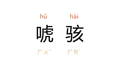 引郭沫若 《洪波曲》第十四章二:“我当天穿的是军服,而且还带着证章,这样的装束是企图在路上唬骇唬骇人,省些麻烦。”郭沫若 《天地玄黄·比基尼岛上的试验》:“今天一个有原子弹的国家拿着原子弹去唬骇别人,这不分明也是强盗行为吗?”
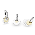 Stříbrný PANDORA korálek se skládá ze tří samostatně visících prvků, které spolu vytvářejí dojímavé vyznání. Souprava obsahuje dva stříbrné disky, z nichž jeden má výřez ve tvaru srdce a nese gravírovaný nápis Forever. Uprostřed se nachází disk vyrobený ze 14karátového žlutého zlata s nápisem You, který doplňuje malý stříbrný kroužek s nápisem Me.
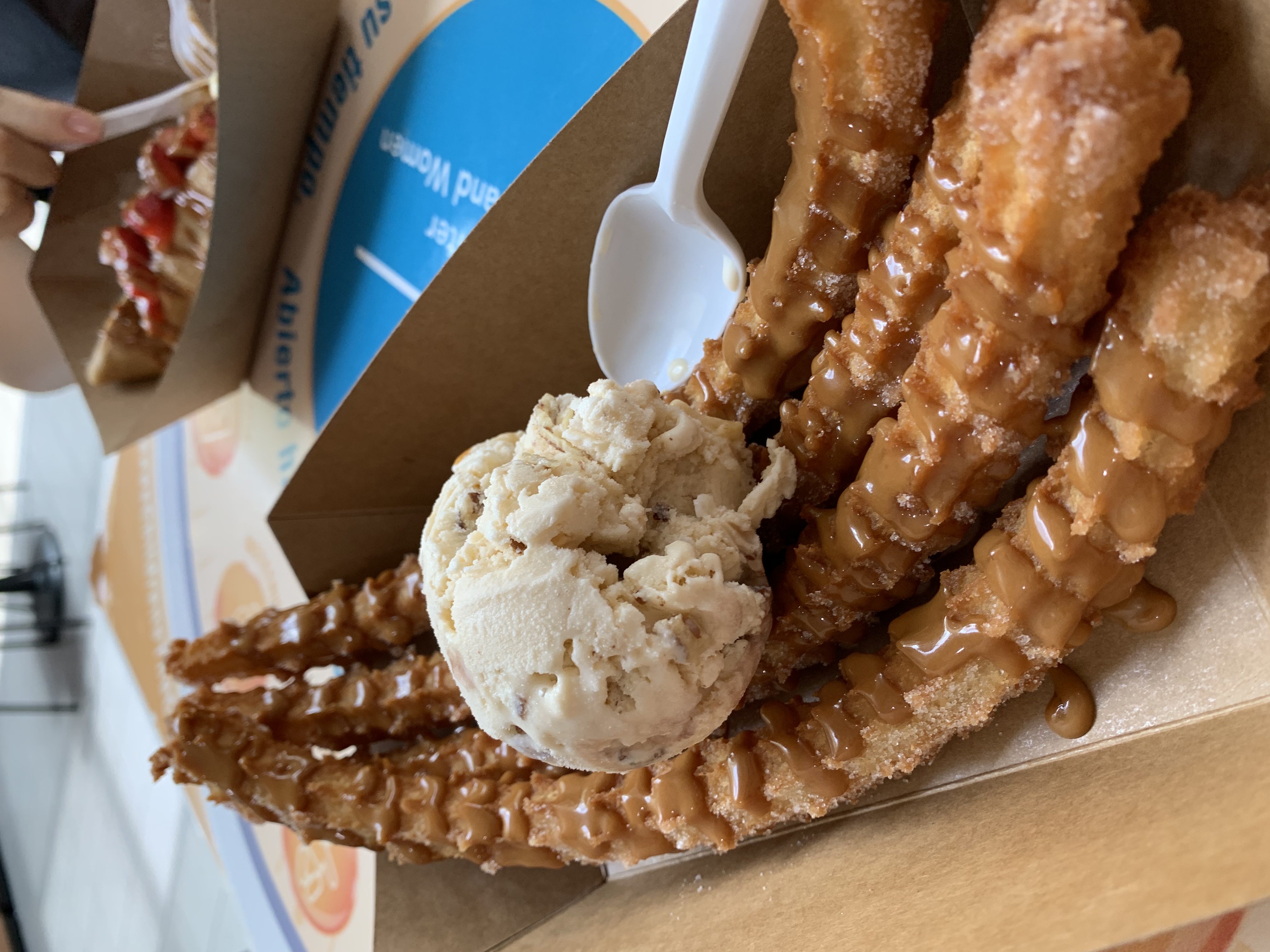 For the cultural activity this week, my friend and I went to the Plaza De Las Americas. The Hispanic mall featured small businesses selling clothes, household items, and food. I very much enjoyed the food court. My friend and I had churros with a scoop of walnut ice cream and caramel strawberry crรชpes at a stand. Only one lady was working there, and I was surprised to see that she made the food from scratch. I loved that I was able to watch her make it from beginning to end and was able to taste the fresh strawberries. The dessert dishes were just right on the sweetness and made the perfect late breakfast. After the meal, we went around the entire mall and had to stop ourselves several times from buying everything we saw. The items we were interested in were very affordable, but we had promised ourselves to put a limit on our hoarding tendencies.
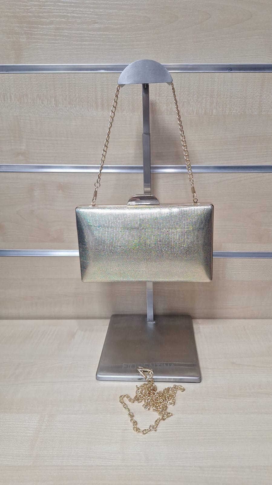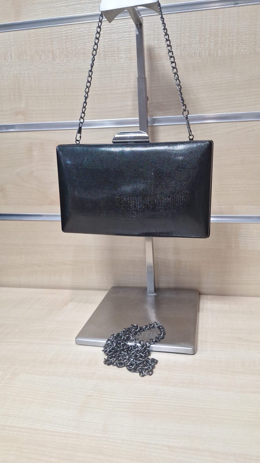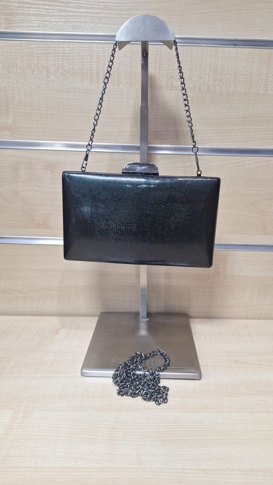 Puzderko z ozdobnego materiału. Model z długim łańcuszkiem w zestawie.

» **PROBLEM TO WORK ON**: From the first line to the last, repeat the listing exactly and skip its images.

» **ANSWER FOR THIS EXERCISE**:
 引郭沫若 《洪波曲》第十四章二:“我当天穿的是军服,而且还带着证章,这样的装束是企图在路上唬骇唬骇人,省些麻烦。”郭沫若 《天地玄黄·比基尼岛上的试验》:“今天一个有原子弹的国家拿着原子弹去唬骇别人,这不分明也是强盗行为吗?”
 Stříbrný PANDORA korálek se skládá ze tří samostatně visících prvků, které spolu vytvářejí dojímavé vyznání. Souprava obsahuje dva stříbrné disky, z nichž jeden má výřez ve tvaru srdce a nese gravírovaný nápis Forever. Uprostřed se nachází disk vyrobený ze 14karátového žlutého zlata s nápisem You, který doplňuje malý stříbrný kroužek s nápisem Me.
 For the cultural activity this week, my friend and I went to the Plaza De Las Americas. The Hispanic mall featured small businesses selling clothes, household items, and food. I very much enjoyed the food court. My friend and I had churros with a scoop of walnut ice cream and caramel strawberry crรชpes at a stand. Only one lady was working there, and I was surprised to see that she made the food from scratch. I loved that I was able to watch her make it from beginning to end and was able to taste the fresh strawberries. The dessert dishes were just right on the sweetness and made the perfect late breakfast. After the meal, we went around the entire mall and had to stop ourselves several times from buying everything we saw. The items we were interested in were very affordable, but we had promised ourselves to put a limit on our hoarding tendencies.
 Puzderko z ozdobnego materiału. Model z długim łańcuszkiem w zestawie.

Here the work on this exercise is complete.